Change Management Analyst 8/25/2016
JOB DESCRIPTIONAPPLY Duties may include oversight of various aspects of change control and documentation, including but not limited to validation change administration, records management, document control, local change control, and corporate change control. As a member of the Quality unit this individual is accountable for ensuring that changes made to processes, products or systems have been properly reviewed and approved to maintain proper cGMP control of validated systems. The Specialist will be responsible for the oversight of change control activities supporting multiple projects, ensuring timely completion of deliverables and effectively escalating any issues impacting those projects.
ESSENTIAL JOB FUNCTIONS:
1. Administers the local change control system, validation change control system, records management system, and/or documentation system.
2. Corporate changes relating to Austin processes are reviewed for impact and that Austin commitments are appropriately tracked to completion
3. Ensures consistency and compliance of changes with local, corporate and global regulatory requirements (CFR, PIC/s, etc)
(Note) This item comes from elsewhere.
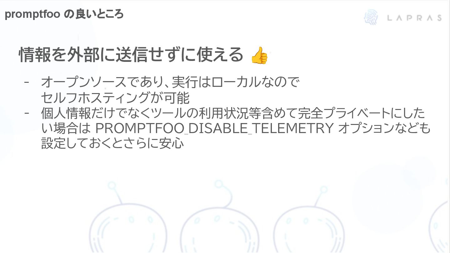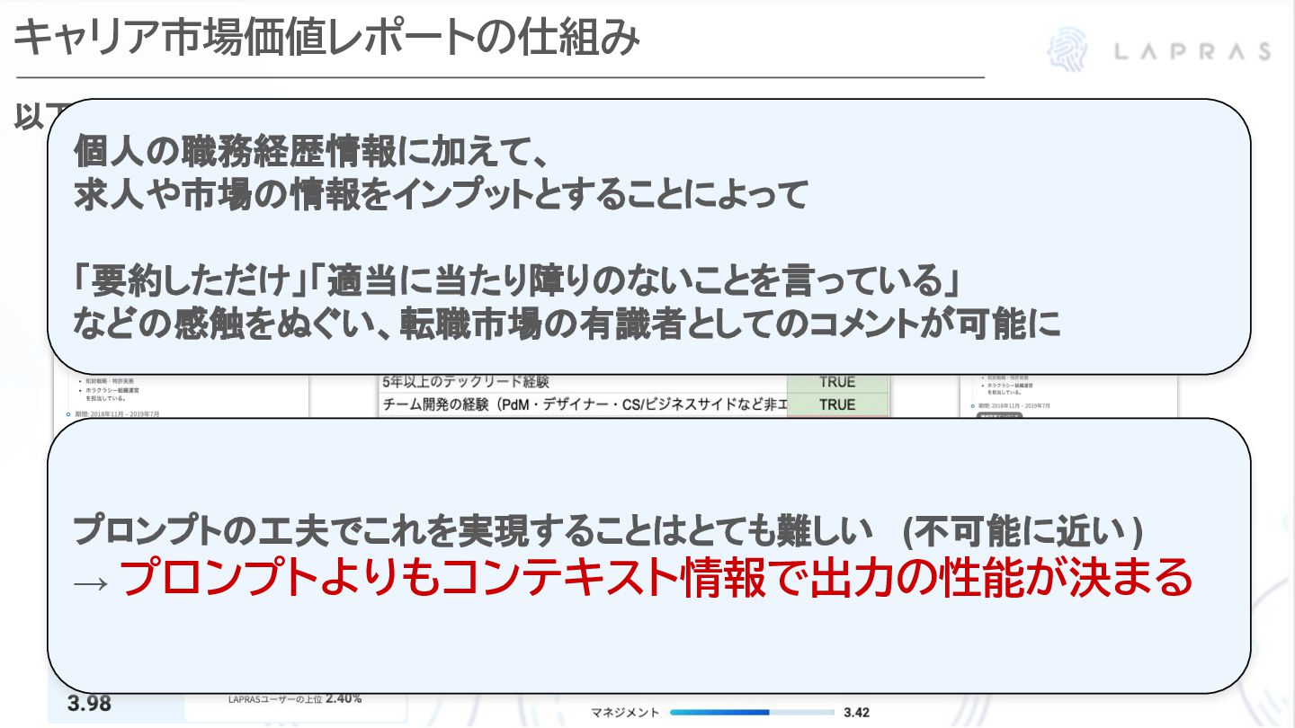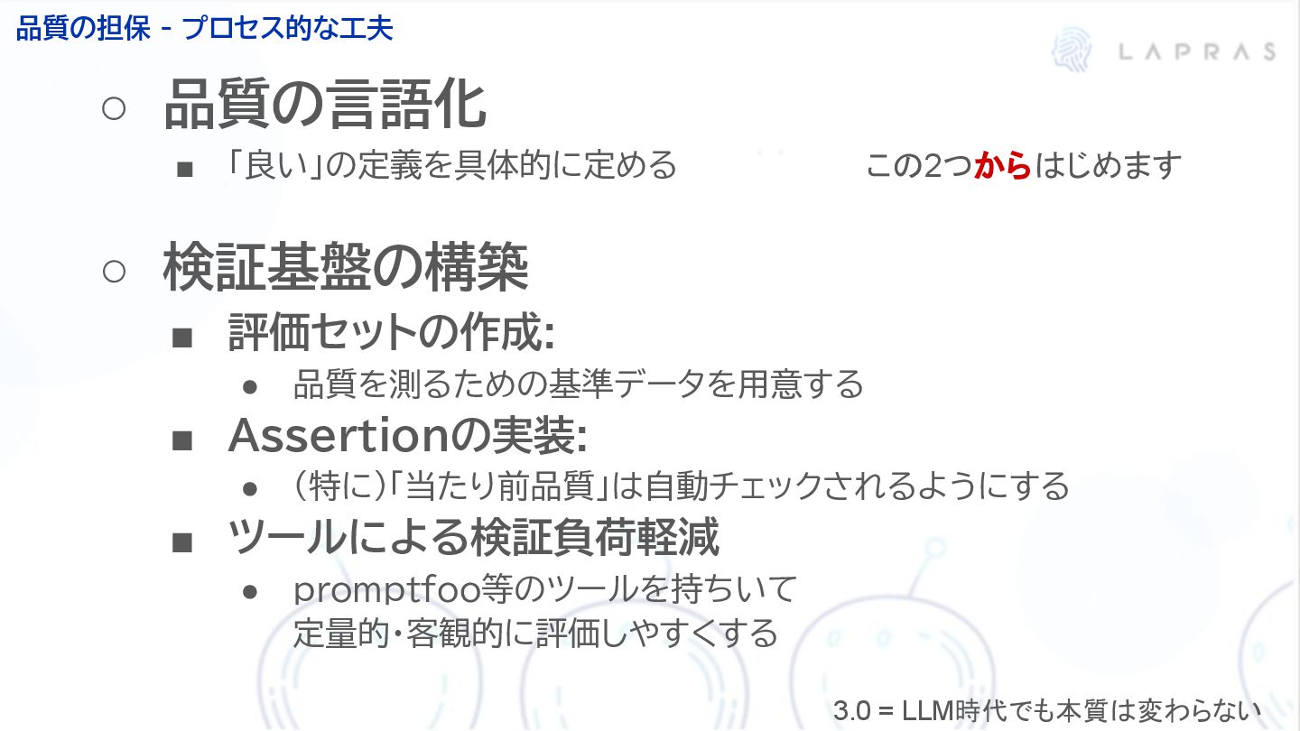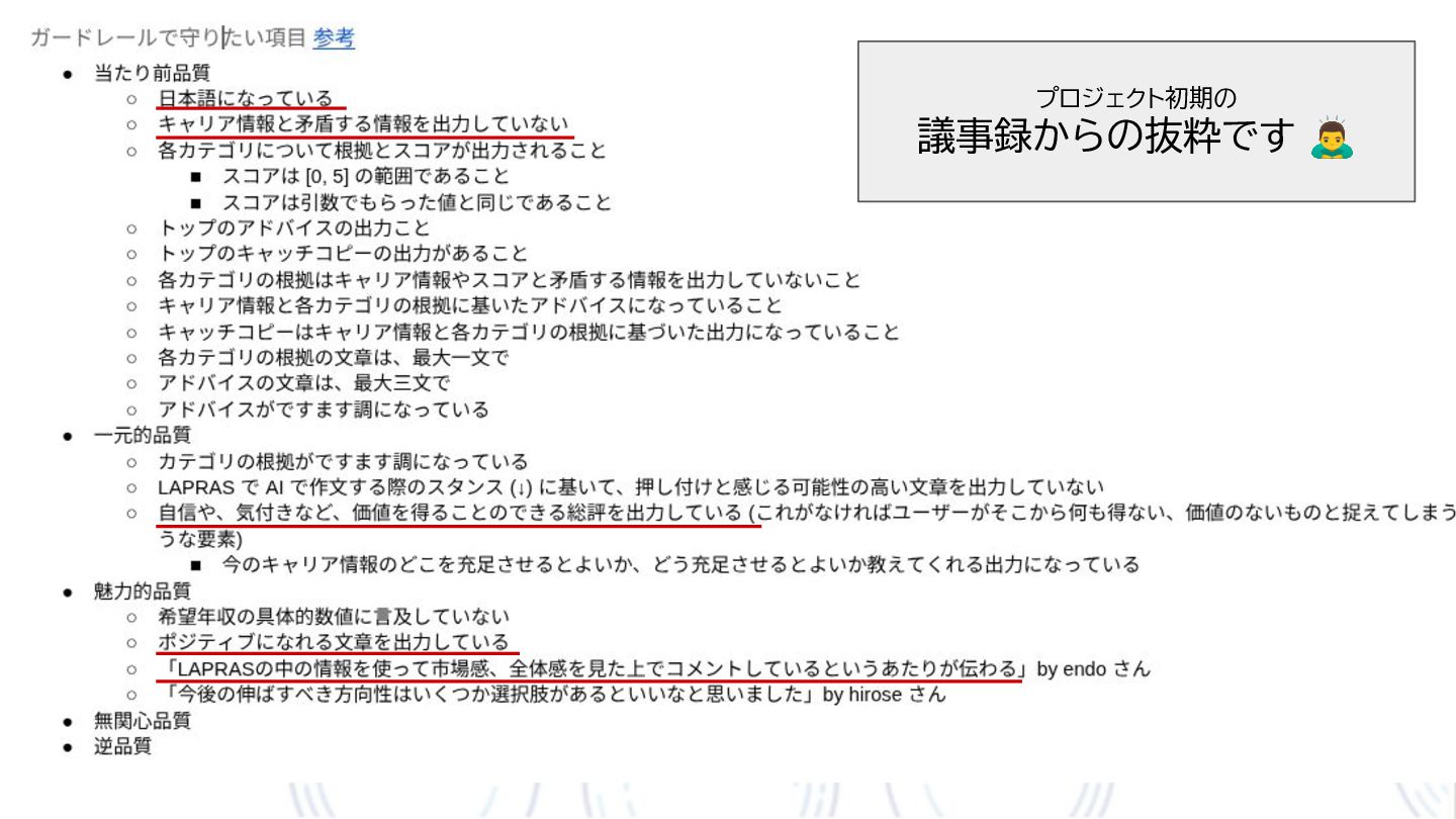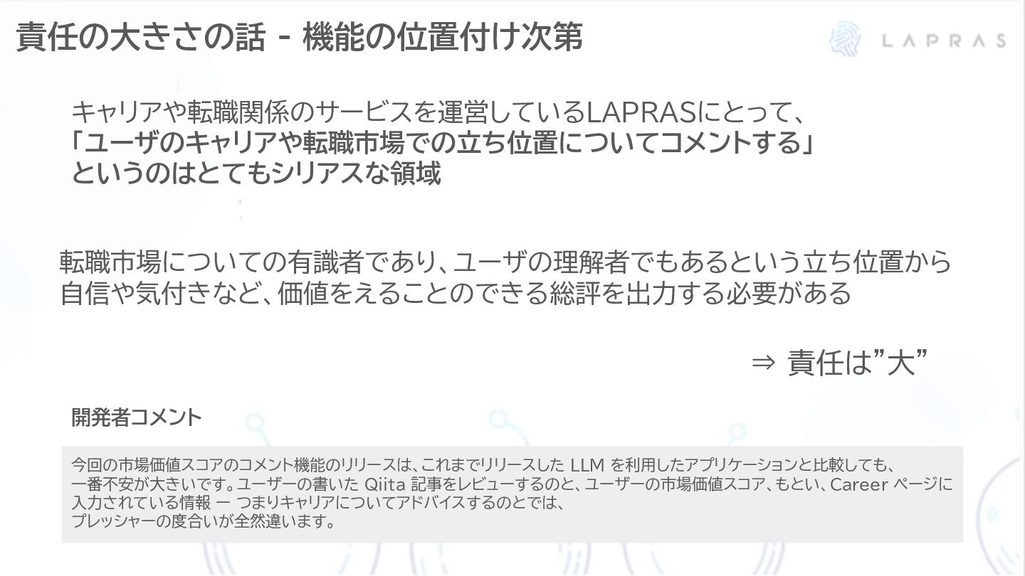 LAPRASにおけるLLMプロダクトの品質周りについての取り組みについてお話させていただきました。

OTHER DUTIES AND RESPONSIBILITIES:
1. Come to agreement by managing communications through discussions and compromise.
2. Write or assist with the writing of Standard Operating Procedures
3. Perform other related duties as assigned or required.
* 3-5 years of Quality experience in a regulated environment (FDA regulated environment preferred).
* High level of attention to detail and the ability to prioritize and manage heavy workloads in a dynamic environment.
* Must have thorough knowledge and understanding of cGMPs, FDA and/or pharmaceutical industry guidelines.
* Must have good organizational, presentation, project management, and meeting facilitation skills.